Вдруг я узнаю, что один архилиберальнейший издатель в Петербурге, все издающий книжки по естествознанию и социологии, нечто вроде покойного Павленкова, имеет обыкновение каждые два года хоть раз съездить на берега Нила,- так просто "отдохнуть и погулять", по-русски. На мое изумление мне рассказали, что привлекают его вовсе не феллахи и английское владычество в Египте, но памятники древности; однако привлекают не как археолога и историка, ибо он не блистал этими качествами, а как живого человека, вот именно как издателя архилиберальнейших книжек, "самых современных и самых нужных". Удивлению моему не было конца. "Он просто любит это зрелище Египта, древнего, прежнего, сочного, яркого; он находит, что это очень напоминает нашу Волгу, но только напоминает как что-то осуществленное и зрелое свой ранний задаток, свою младенческую фазу. То есть Волга - это младенчество, а Нил времени фараонов это расцвет. И любитель Сен-Симона и социализма, немножко и сам социалист, бродит около старых сфинксов с мыслью, что около Нерехты, Арзамаса и Казани могли бы стоять не худшие. Что придет время, и бассейн Волги сделается территорией такой же цветущей, хлебной, счастливой в здоровой цивилизаций, как в побережье великой африканской реки".



Признаюсь, это удивительное сообщение, услышанное мною совершенно случайно, в мелькающем разговоре без темы, заставило меня взглянуть с совершенно новой точки зрения на наших радикалов. Несомненно, вот уже пятьдесят лет в них бьется какой-то сильный пульс. Несомненно, они куда-то ведут Россию. Их почему-то любят, за ними идут. Идут за их честностью, прямотою, решительностью, готовностью к жертвам. И куда они приведут Россию? Порыв пока ясен в одном: в направлении к сочности, жизни, цвету народной и вообще человеческой жизни, без теснейших определений. Но я не думаю, чтобы это "безбожное" движение, каким оно выступает сейчас, и до конца осталось таковым. Когда-нибудь оно захочет молитв, поднимет глаза к небу, задумается о гробе и жизни. И тогда каковы будут эти молитвы? Куда? Кому?

И вот мне захотелось взглянуть на эти тихие воды, может быть, будущие "воды", в смысле далекой и новой судьбы, какая сложится на этих берегах для нашего племени. Сказал же о нем Лермонтов вещие слова: "Россия - вся в будущем". Сказал и обвел в своей черновой тетради эти слова чертою, как особенную и преимущественную свою веру, как свое горячее убеждение и предвидение.



Детство мое все прошло на берегах Волги - детство и юность. Кострома, Симбирск в Нижний - это такие три эпохи "переживаний", каких я не испытывал уже в последующей жизни. Там позднее я как-то более господствовал над обстановкою. Сам был зрелее и сильнее, и, словом, внутренняя моя жизнь, движение идей и чувств уже набирали впечатление улиц, площадей, церквей, реки. Не то в детстве, о котором и мамаши говорят, что "дитя - как воск, на него что ляжет, то и отпечатается". И вот я помню эту Кострому,- первое самое минное, тягучее, бесконечное впечатление. Знаете, взрослый человек как-то больше года,- хотя и странно их сравнивать,-и от этого год ему кажется маленьким, коротеньким, быстро проходящим. Годы так мелькают в возрасте 40-50 лет. Но для шестилетнего мальчика год - точно век. Ждешь и не дождешься Рождества, и точно это никогда не придет. Потом ждешь Пасхи, и как медленно она приближается. Потом ждешь лета. И этот поворот лета, осени, зимы и весны кажется веком: Ползет, не шевелится, чуть-чуть, еле-еле...

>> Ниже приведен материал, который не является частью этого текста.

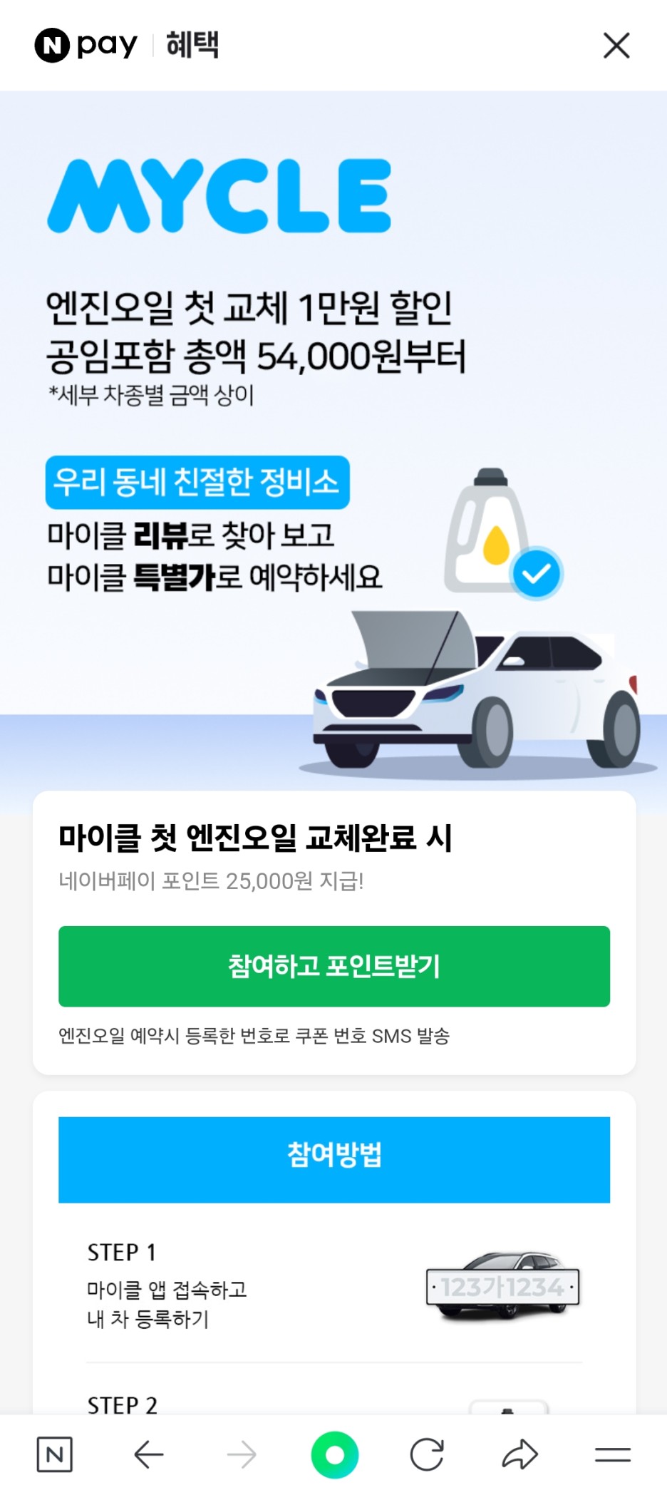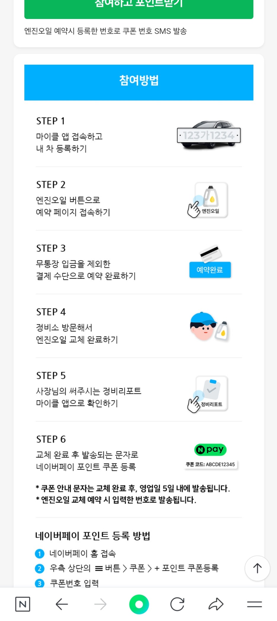 참여하고 포인트받기를 누르고 어플을 다운받아 설치했습니다. 다행히 이번에는 제 차량번호가 검색이 되었고, 제 차량에 맞는 엔진오일까지 특정해 주었습니다. 전국 정비소 평균가에서 약30% 할인된 가격에서 첫 교환 10,000원 할인 또는 신규입점 정비소 20,000원 할인 쿠폰을 추가로 적용할 수 있었습니다. 그래서 바로 쿠폰을 지급하는 근처 정비소중에서 맘에드는 곳으로 예약을 했습니다. 저는 전국 정비소 평균 83,600원에서 약30% 할인된 69,000원에서 20,000원 쿠폰을 적용해 49,000원에 결제 후 엔진오일을 교체했습니다. 물론 예약제라 기다리는 시간도 적었고, 타이어 공기압이나 워셔액 보충 및 엔진룸 청소까지 깔끔하게 마무리 해주셔서 만족스러웠습니다. 엔진오일 교체후 5영업일 내에 네이버페이 포인트 25,000원도 받으면 24,000원에 엔진오일을 교체한 것이되어 더욱 만족스럽습니다.

Дожди... Вообразите, что господствующим впечатлением, сохранившимся от Костромы, было у меня впечатление идущего дождя. У нас были сад, свой домик, и я все это помню. Но я гораздо ярче помню впечатление мелкого моросящего дождя, на который я с отчаянием глядел, выбежав поутру, еще до чая, босиком на крыльцо. Идет Дождь, холодный, меленький. На небе нет туч, облаков, но все оно серое, темноватое, ровное, без луча, без солнца, без всякого обещания, без всякой надежды, и это так ужасно было смотреть на него. О, до чего ужасно это впечатление дождливых недель, месяцев, годов, целого детства,- всего раннего детства.

И не настало "конца", пока нас, маленьких двух братьев, не перевезли из Костромы в Симбирск. Но тут началось уже все другое. Другая погода, другая жизнь. Я сам весь и почти сразу сделался другим. Настал второй "век" моего существования. Именно "век", никак не меньше для маленького масштаба, который жил в детской душе.



Обыкновенно желающие отдохнуть на Волге отправляются из Петербурга до Нижнего и уже здесь садятся на пароход, чтобы видеть "наиболее красивые берега Волги". Это большая ошибка. Прежде всего железнодорожный путь, с летнею жарою и пылью, теснотой вагонов и вынужденною неподвижностью является сильным приемом нового утомления на усталые нервы. Во-вторых... берега. Правда, после Нижнего они становятся гористыми, но это наши русские "горы", напоминающие только поговорку: на безрыбье и рак рыба. Действительно, Россия до того равнинная страна, что, всю жизнь живя в ней и даже совершая большие поездки, можно так-таки и не увидать ни единой горы по самый гроб свой. Для такого переутомленного равнинностью соотечественника правый "гористый" берег Волги, правда, кое-что представляет. Но для каждого, кто доезжал в нашей стране до Урала, бывал на Кавказе, в Финляндии, "гористый" берег Волги является приблизительно "ничем". А так как "отдых на Волге" предполагает некоторые средства у отдыхающего, то большинство их видали настоящие горы запада и юга и, садясь на пароход в Нижнем, имеют какое угодно удовольствие, но только не от "гористого" берега Волги. Напротив, если бы они сели на пароход в Рыбинске, как это сделал я, они испытали бы чрезвычайно много нового, свежего и поучительного, хотя бы и были заправскими туристами.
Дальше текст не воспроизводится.